Ese interés por la Patagonia viene incluso de la NASA, con quienes están trabajando en un proyecto llamado GEDI. ¿De qué se trata? En simple, están validando datos de un satélite de la agencia espacial norteamericana que mide el secuestro de CO2 en distintos terrenos. “La idea es que nuestra investigación, que es mucho más específica, pueda validar la información de la NASA. Estamos ayudando a mejorar su modelo matemático”.

Mi propósito fue conservar la naturaleza y terminó siendo el negocio más próspero que he hecho en mi vida. He podido trabajar con la NASA y me han invitado a juntarme con actores de Hollywood que quieren aportar a la fundación. Gente como Keanu Reeves nos han ofrecido presentarnos”.

“Con Leonardo di Caprio no he llegado a tener una persona cerca de él. De hecho, en un principio, cuando me imaginaba una publicidad de The Real Eco State, pensé en la voz de él, pero acá me dijeron que era mejor con Keanu Reeves”.

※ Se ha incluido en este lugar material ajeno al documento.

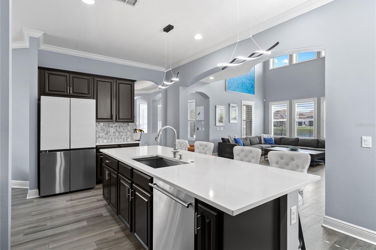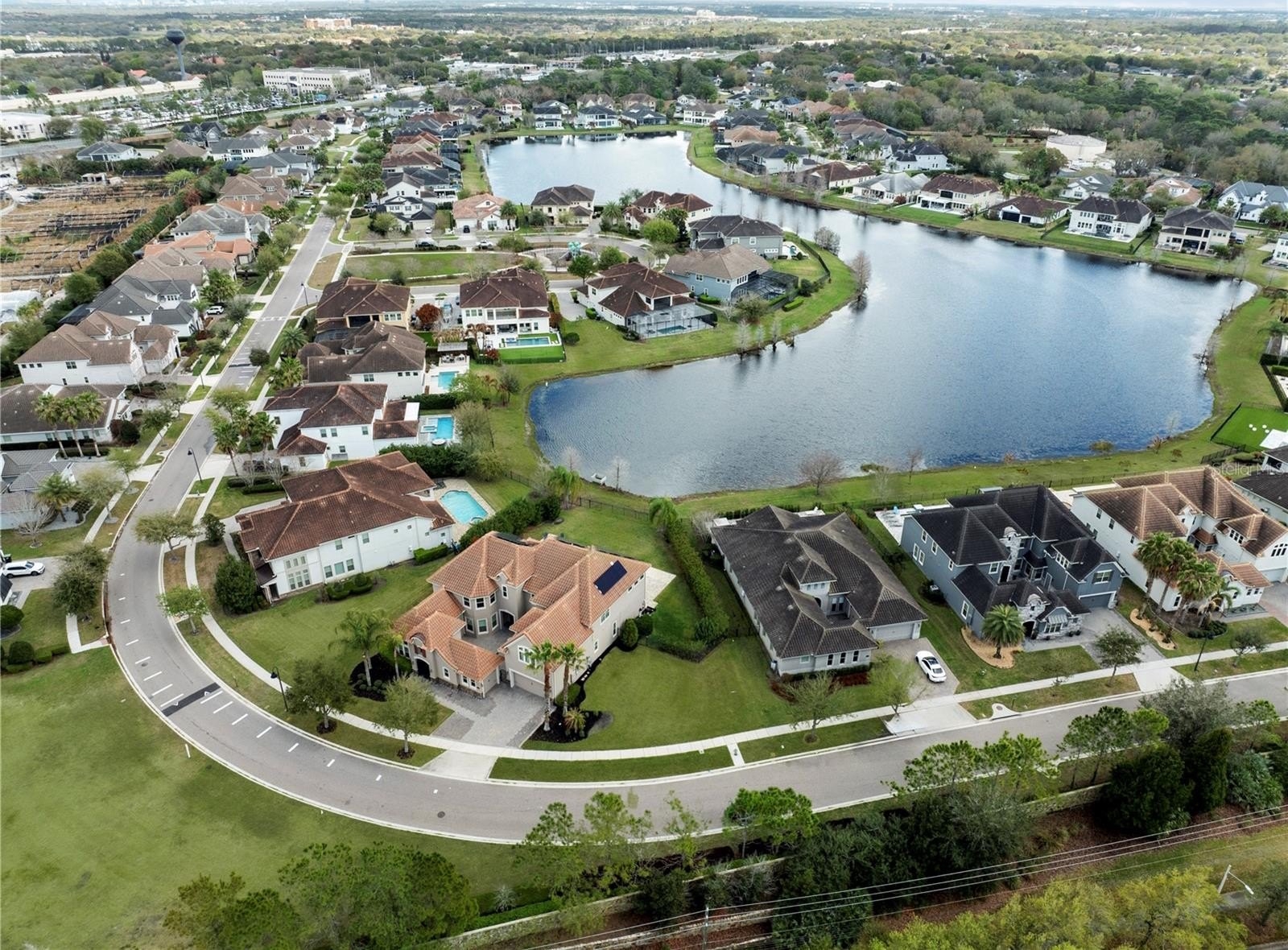 Located in the gated community of Havencrest in Orlando, this courtyard-style home offers privacy, space and scenic pond views with no rear neighbors. Positioned on one of the community's premier lots, the property overlooks a peaceful water setting that creates a tranquil backdrop for everyday living. Inside, the home features soaring ceilings, expansive windows and abundant natural light throughout. The thoughtfully designed floor plan offers five bedrooms, a dedicated home officer and a private in-law suite providing flexibility for guests or multi-generational living. The primary suite is conveniently located on the first floor and offers a spacious retreat with views of the outdoor living area. Upstairs you will find additional bedrooms, a balcony overlooking the pond and a media room that is perfect for movie nights, game days or entertaining. The courtyard style layout creates a seamless connection between indoor and outdoor living spaces. The private outdoor area, providing plenty of room to relax, entertain, or enjoy the peaceful water views and added privacy of having no rear neighbors. The home features a Tesla solar system with battery backup, offering improved energy efficiency and added power reliability. Havencrest is one of the few communities in the area with natural gas service, providing additional convenience and efficiency for homeowners. Ideally located near Windermere and the highly desired Dr. Phillips area, tis hone offers convenient access to the popular Restaurant Row along Sand Lake Road, known for its wide variety of dining, entertainment, and nightlife options. Residents enjoy close proximity to shopping centers, grocery stores, golf courses and everyday conveniences while still being tucked away inside a private community. The location also provides easy access to major highways including I-4, the Florida Turnpike, State Road 408 and 429 making commuting throughout Central Florida simple. Downtown Orlando, the area theme parks and Orlando International Airport are all within a short drive. This home offers a rare combination of privacy, functionality, energy efficiency and an ideal Central Florida location within a gated community setting.
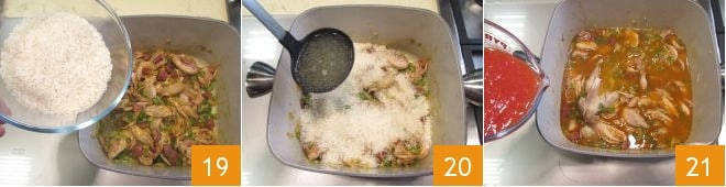 Nun fügen Sie den Reis hinzu 19 und rösten ihn eine Minute lang, dann gießen Sie die Hühnerbrühe darüber, bis alles gut bedeckt ist 20. Fügen Sie auch die Tomatensauce hinzu 21,

Y concluye: “Estoy en el negocio de democratizar la conservación porque no podemos depender de los grandes empresarios. Yo no sé si Sebastián Piñera terminará dejando Tancauco como un legado o anda buscando petróleo escondido. Esto de depender de los grandes millonarios y su benevolencia y filantropía para salvar el planeta es super peligroso”.